=== Exercise details ===
With the images removed, write out every line below exactly.

=== Data ===
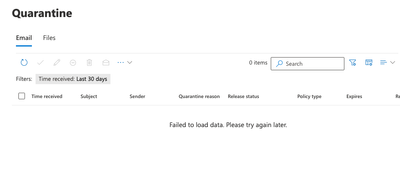 I've had this issue open with Microsoft Support for more than two weeks and they have still not resolved. Two weeks ago, without reason, I was suddenly unable to see data in quarantine. https://security.microsoft.com/quarantine
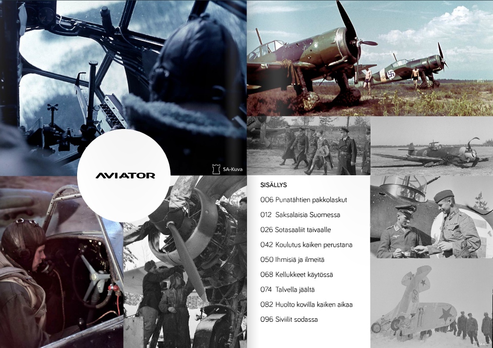 Ainoa mikä hieman ihmetyttää, on saksalaisen Stukan nostaminen kanteen. Totta on, että Luftwaffen osasto Kuhlmey oli osana Tali-Ihantalan ihmettä, mutta toki myös suomalaisten koneiden komeita kuvia olisi löytynyt SA-kuva -sivuilta. Aviator-lehden näytenumero julkaistiin 29. marraskuuta 2012 ja ensimmäinen varsinainen verkkolehti ilmestyi tammikuussa 2013. Toistaiseksi viimeiseksi varsinaiseksi numeroksi vaikuttaa jääneen koostenumero 8/2013. Ilmeisesti ilmailusta kiinnostuneet lukijat eivät olleet vielä valmiita maksulliselle nettilehdelle. ++ Lentoposti.fi valitsi: SA-kuva.fi julkaisi 800 sodan ajan värikuvaa - tässä parhaat 40 Aviator-lehti: SA-kuvat kertovat - Suomi Ilmasodassa Lue aiempia Lentoposti.fi -juttuja aiheesta:
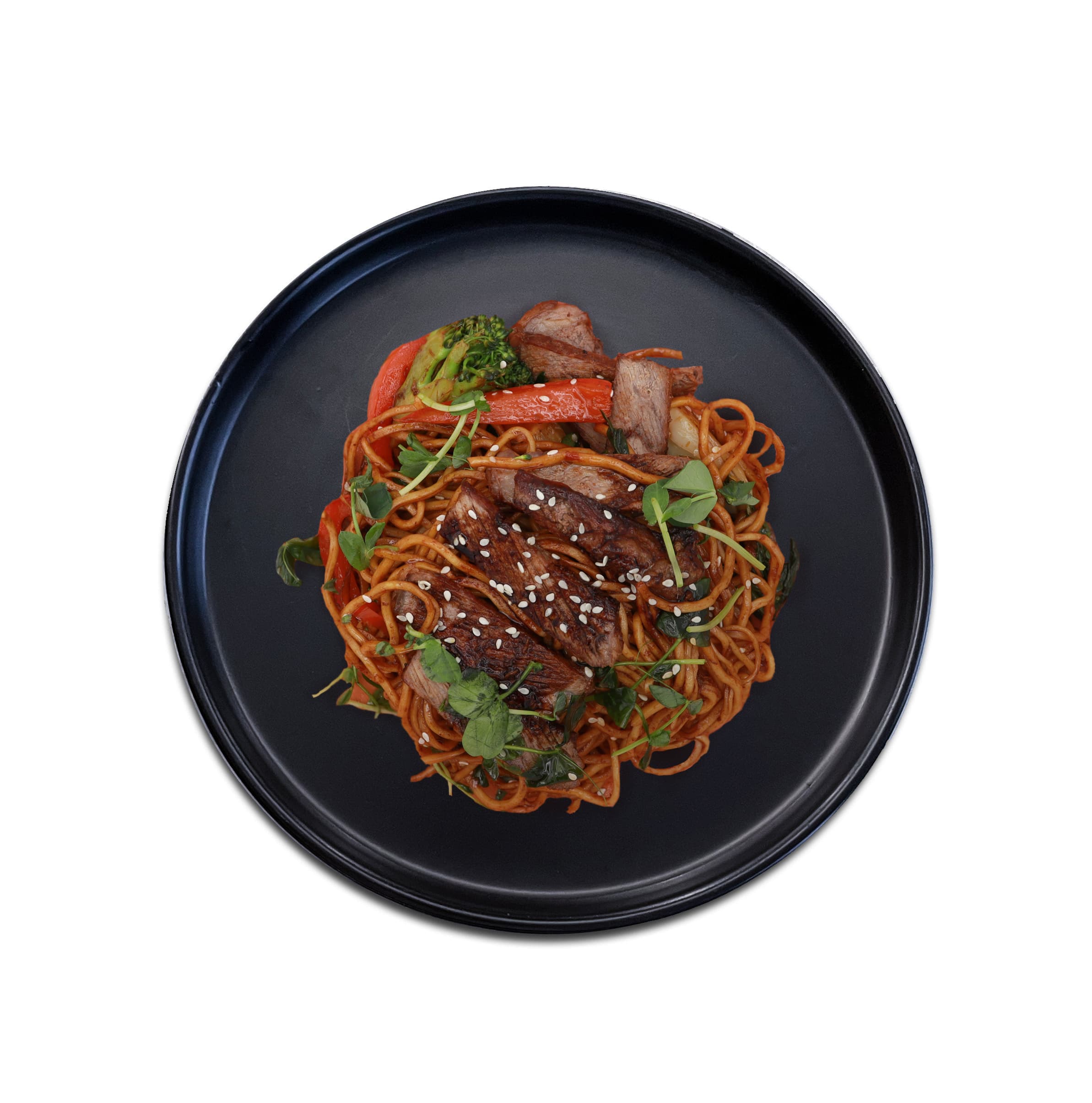 Prime Rib Steak, Garlic, Ginger, Green onion, Sriracha, Soy sauce (gluten free), Honey, Rice Vinegar, Sesame oil, Bok Choy, Red Bell Pepper, Chow Mein Noodles, Broccoli
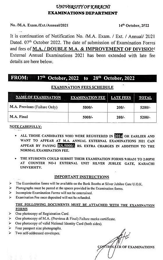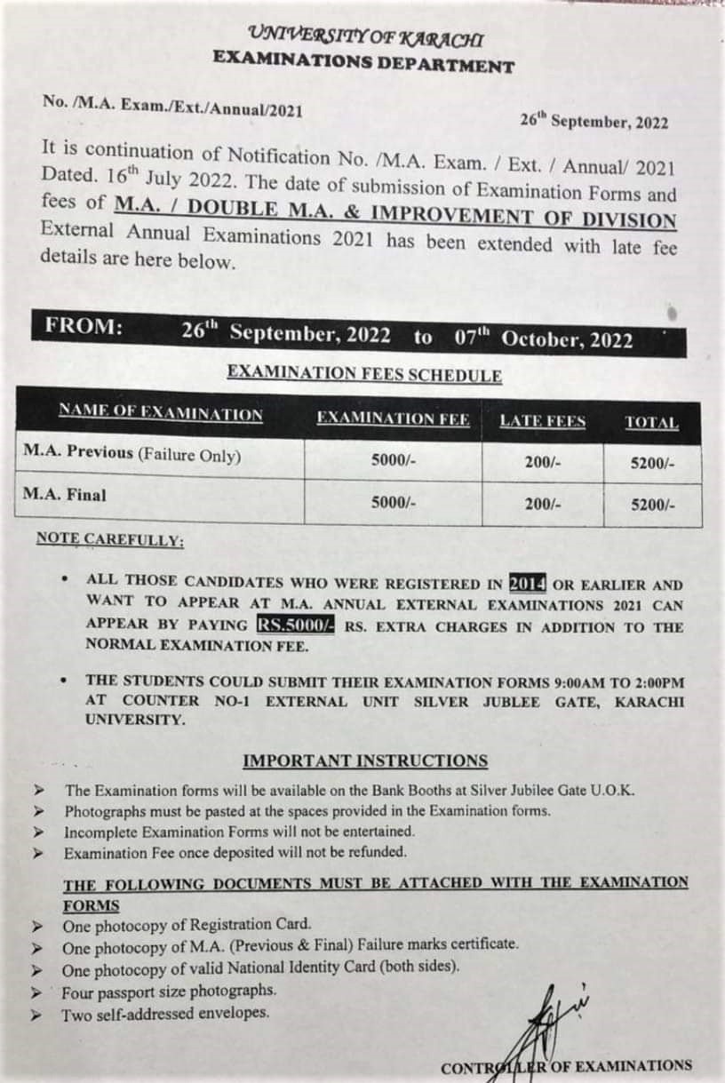 Fee Schedule of M.A / Double M.A (Ext) Annual Examination 2021

=== Result for this task ===
 I've had this issue open with Microsoft Support for more than two weeks and they have still not resolved. Two weeks ago, without reason, I was suddenly unable to see data in quarantine. https://security.microsoft.com/quarantine
 Ainoa mikä hieman ihmetyttää, on saksalaisen Stukan nostaminen kanteen. Totta on, että Luftwaffen osasto Kuhlmey oli osana Tali-Ihantalan ihmettä, mutta toki myös suomalaisten koneiden komeita kuvia olisi löytynyt SA-kuva -sivuilta. Aviator-lehden näytenumero julkaistiin 29. marraskuuta 2012 ja ensimmäinen varsinainen verkkolehti ilmestyi tammikuussa 2013. Toistaiseksi viimeiseksi varsinaiseksi numeroksi vaikuttaa jääneen koostenumero 8/2013. Ilmeisesti ilmailusta kiinnostuneet lukijat eivät olleet vielä valmiita maksulliselle nettilehdelle. ++ Lentoposti.fi valitsi: SA-kuva.fi julkaisi 800 sodan ajan värikuvaa - tässä parhaat 40 Aviator-lehti: SA-kuvat kertovat - Suomi Ilmasodassa Lue aiempia Lentoposti.fi -juttuja aiheesta:
 Prime Rib Steak, Garlic, Ginger, Green onion, Sriracha, Soy sauce (gluten free), Honey, Rice Vinegar, Sesame oil, Bok Choy, Red Bell Pepper, Chow Mein Noodles, Broccoli
 Fee Schedule of M.A / Double M.A (Ext) Annual Examination 2021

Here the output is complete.